Nach eigenen Angaben will Trump die Flugabwehr-Raketen liefern lassen, jedoch ohne dafür US-Steuergelder einzusetzen. Die Kosten, so Trump, sollten „die Europäer oder die NATO“ übernehmen. Damit verschiebt er nicht nur die finanzielle Verantwortung, sondern signalisiert zugleich eine strategische Reorientierung: Weg von einem amerikanisch geführten Ukraine-Engagement hin zu einer stärker europäisch getragenen Sicherheitsarchitektur.

Kalkulierte Symbolpolitik

Die Patriot-Systeme gelten als eines der leistungsfähigsten Luftverteidigungssysteme weltweit – sie können feindliche Raketen, Marschflugkörper und Flugzeuge in mittlerer bis hoher Flughöhe bekämpfen. Die Ukraine hatte wiederholt um zusätzliche Kapazitäten dieser Art gebeten, insbesondere zum Schutz kritischer Infrastruktur gegen russische Luftangriffe.

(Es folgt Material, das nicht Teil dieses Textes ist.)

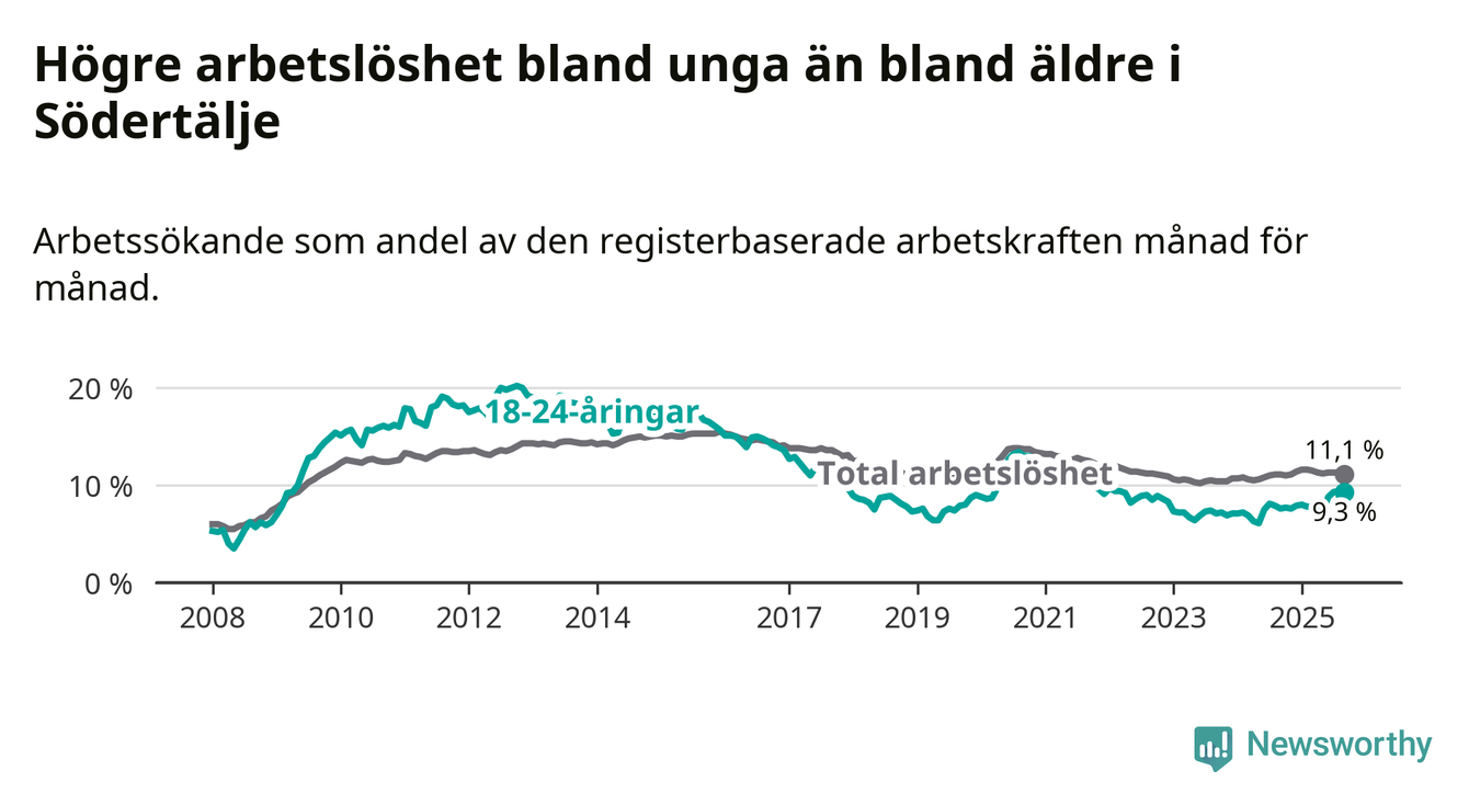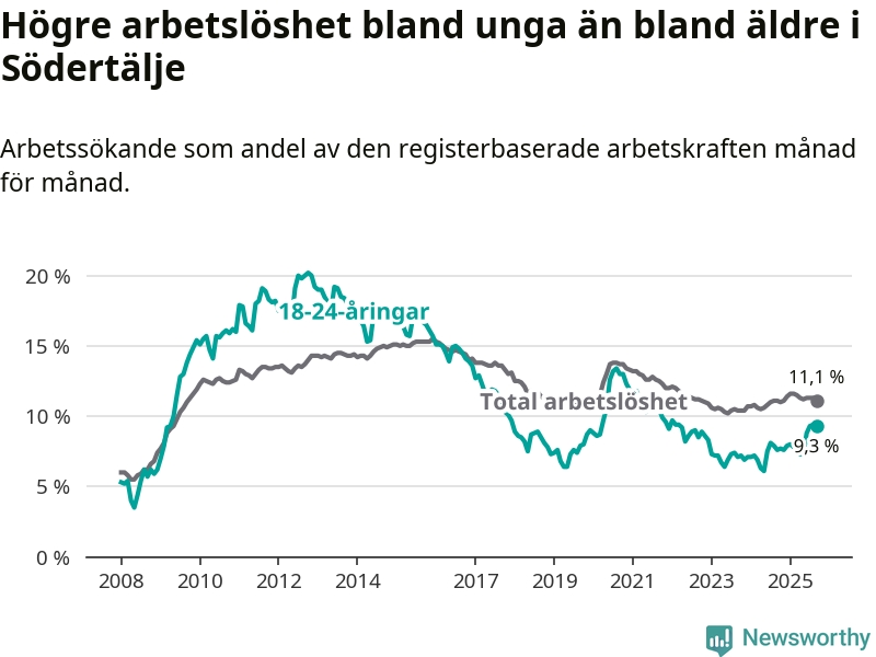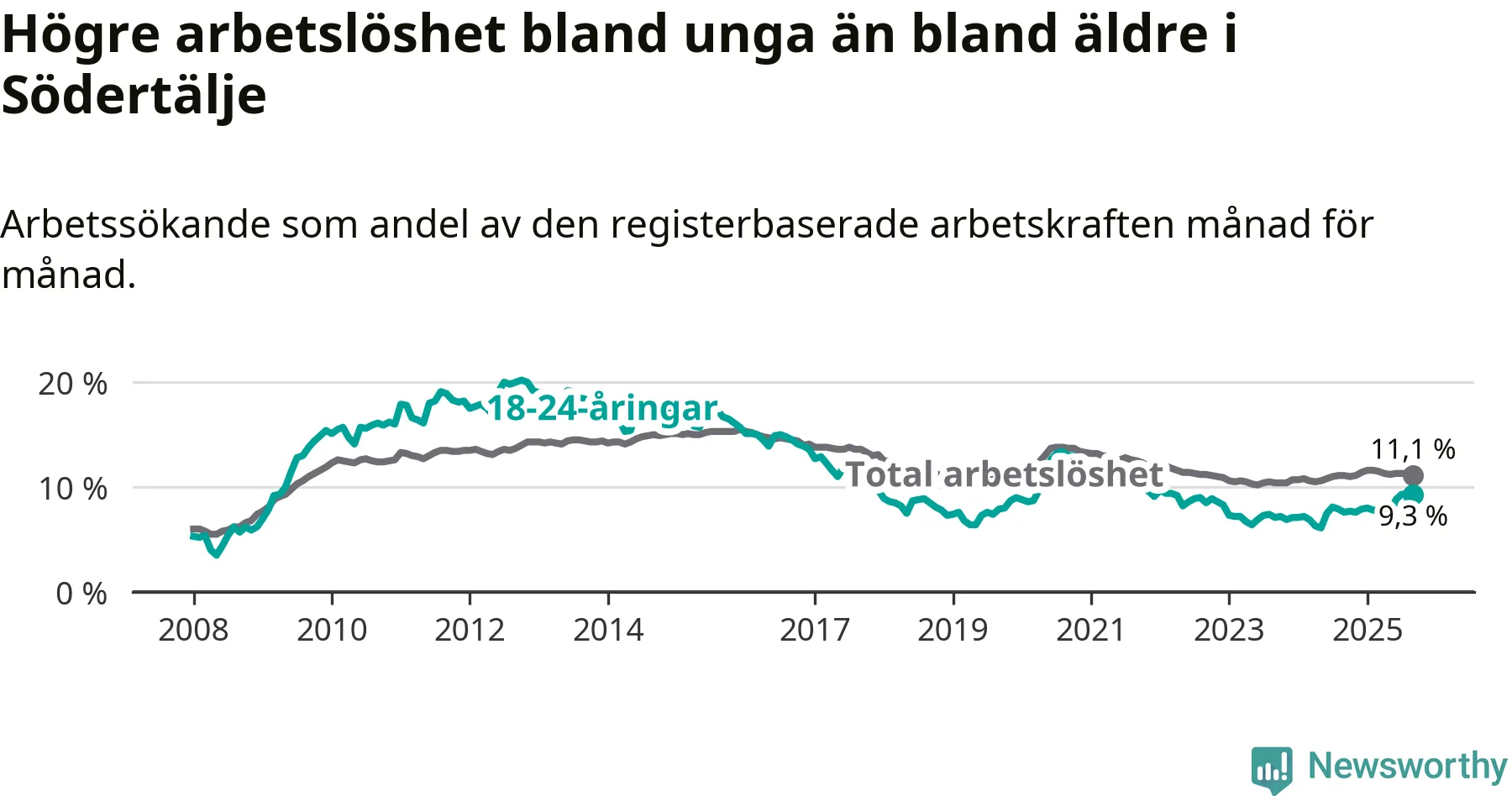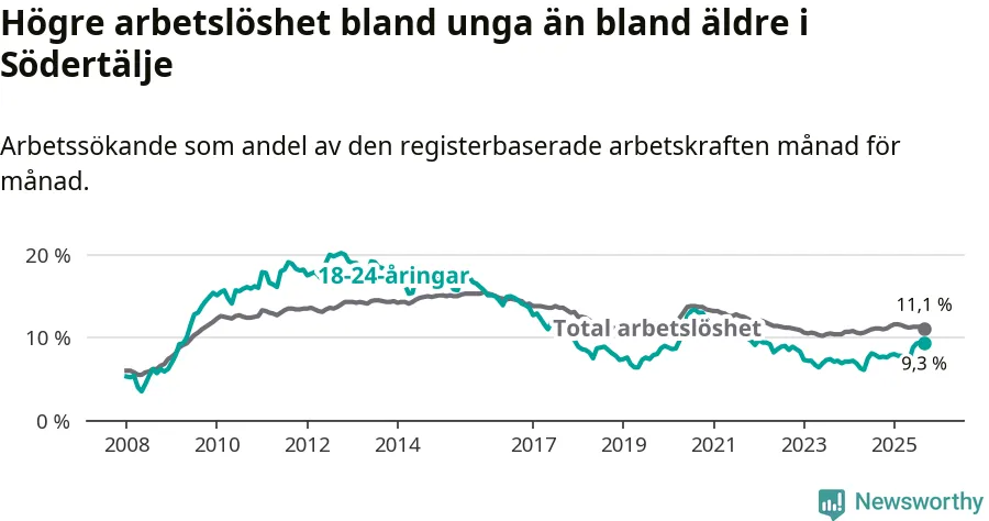 Den senaste månadsstatistiken från Arbetsförmedlingen visar på en uppgång i ungdoms­arbetslöshet i Södertälje kommun med 1,7 procentenheter. Arbetslösheten bland personer i åldern 18–24 år låg i september på 9,3 procent.

Dass Trump nun ausgerechnet dieses Waffensystem ins Spiel bringt, ist kein Zufall. Es sendet ein klares Signal militärischer Entschlossenheit, ohne den innenpolitisch riskanten Schritt zu gehen, neue Mittel im US-Kongress zu beantragen. Vielmehr entspricht die Maßnahme einer geopolitischen Geste – hoch symbolisch, aber mit beschränkter praktischer Wirkung, solange Finanzierung und Lieferzeitpunkt offen bleiben.

Ein geopolitisches Kalkül

Trumps Kehrtwende fällt in eine Phase zunehmender Dissonanz mit dem russischen Präsidenten Wladimir Putin. Noch zu Beginn seines Wahlkampfs 2024 hatte Trump betont, er könne den Krieg in der Ukraine „innerhalb von 24 Stunden beenden“ – ein Satz, der vielerorts als implizite Zustimmung zu einem russischen Diktatfrieden verstanden wurde. Inzwischen hat sich der Ton verändert: Trump äußerte zuletzt „tiefe Enttäuschung“ über Putins Verhalten, insbesondere angesichts der russischen Offensive auf Charkiw und der Angriffe auf zivile Ziele.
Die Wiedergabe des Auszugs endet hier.